The work-horse for thread debugging is the Thread window. As shown in Figure 1, this window displays all the threads for an application, and includes the following fields:
- Flag state: Flags can be flagged within a debug session so that a thread that appears to be acting in unexpected ways can be monitored.
- Active Thread Column: The small second column in Figure 1 will display the call stack of the thread as a tooltip when the mouse is hovered over the column, as shown in Figure 2. It also will display whether the thread is the active thread in the debugger (represented by a yellow arrow) and whether it has been frozen (represented by a blue pause symbol).
- Thread Category: Threads are grouped into a number of categories. The thread containing the entry point of the application will be displayed as the Main Thread, other threads that have a message pump will be categorised as User Interface threads, and threads without message pumps will display as Worker Threads.
- Thread Name: The name of the thread will be the name of the thread type or entry point for native debugging and the name that the thread was given when it was created for managed debugging. The Thread Window context menu can be used to rename a thread. Naming a thread in native code can be accomplished by calling the RaiseException function from Kernel32.dll and passing a pointer to a THREADNAME_INFO variable as described in the MSDN documentation.

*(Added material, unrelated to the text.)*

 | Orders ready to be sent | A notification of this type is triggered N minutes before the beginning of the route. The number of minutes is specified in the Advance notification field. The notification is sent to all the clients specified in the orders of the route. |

- Location: Shows the current function that the thread is executing. As with the Active Thread column, a tooltip will display the full thread call-stack when the mouse is hovered over the column.
- Priority: Shows the current priority assigned to the thread. This determines the amount of processing time that will be allocated to the thread for execution by the operating system.

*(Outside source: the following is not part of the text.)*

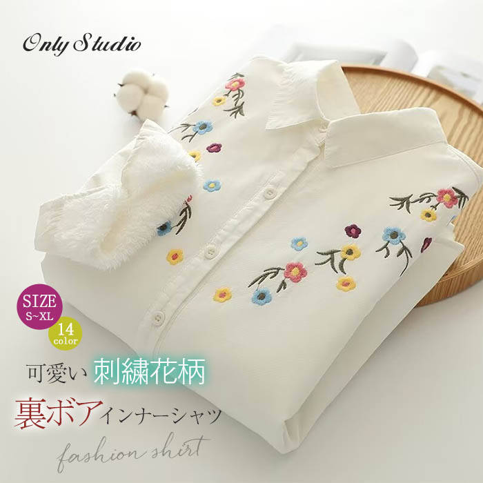 裏ボア シャツ レディース 新作 刺繍 綿 コットン 花柄 うさぎ 猫 風船 長袖 裏起毛 ボア 厚手 ベーシック 折り襟 トップス インナー 前開き 羽織り カジュアル お洒落 防寒 暖かい 大人 可愛い 秋 冬 通勤 OL オフィス ガーリー 20代 30代 40代 50代 着回し 送料無料

- Suspend: Shows the suspend count. A thread must have a suspend count of zero to execute. The native debugger will not show an increment of the Suspend counter when the Freeze command is selected from the context menu, but with managed debugging, the Suspend count will reflect Freeze and Thaw commands.
Figure 1: The Thread Window
Figure 2: Thread Call Stack tooltip
For multi-threaded debugging, the Thread Window offers a great range of functionality to track down problems. The first part of an exercise is building a theory about which threads in an application are the ones causing a problem. This is particularly important in a server application that may have dozens of different threads running at the same time. Once a smaller sub-set of threads has been identified, the threads can be flagged using the Thread Window, and by selecting Show Only Flagged Threads from the Debug Location toolbar as shown in Figure 3, the Thread Windows can be de-cluttered by removing threads that aren't currently being investigated.

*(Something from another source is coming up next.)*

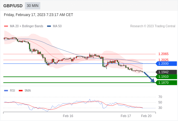在 1.2000 之下,看跌,目标价位为 1.1910 ,然后为 1.1870 。

Figure 3: Debug Location Toolbar
One of the greatest challenges in multi-threaded debugging is gaining an overall view of what each thread is doing. Two Visual Studio 2008 enhancements go a significant way to addressing this problem—the tooltip call stack that is available from the Thread Window and shown in Figure 2 makes quickly inspecting what each thread is up to possible without the need to make every thread the active thread and inspecting the Call Stack window.
The second major enhancement is the Show Threads in Source option that can be activated via the Thread Window context menu or the Debug toolbar. When a breakpoint is hit, it often can be difficult to quickly determine which thread caused the breakpoint to be hit and whether other threads are currently executing the same statement or a statement close by. With the Show Threads in Source option enabled, a new icon will appear in the margin of the code window showing the lines of code that other threads are executing. In Figure 4, there are two other threads executing code in the same source code file, and hovering the mouse over the Thread icon will display the ID of the thread at that location.
Figure 4: Show Threads in Source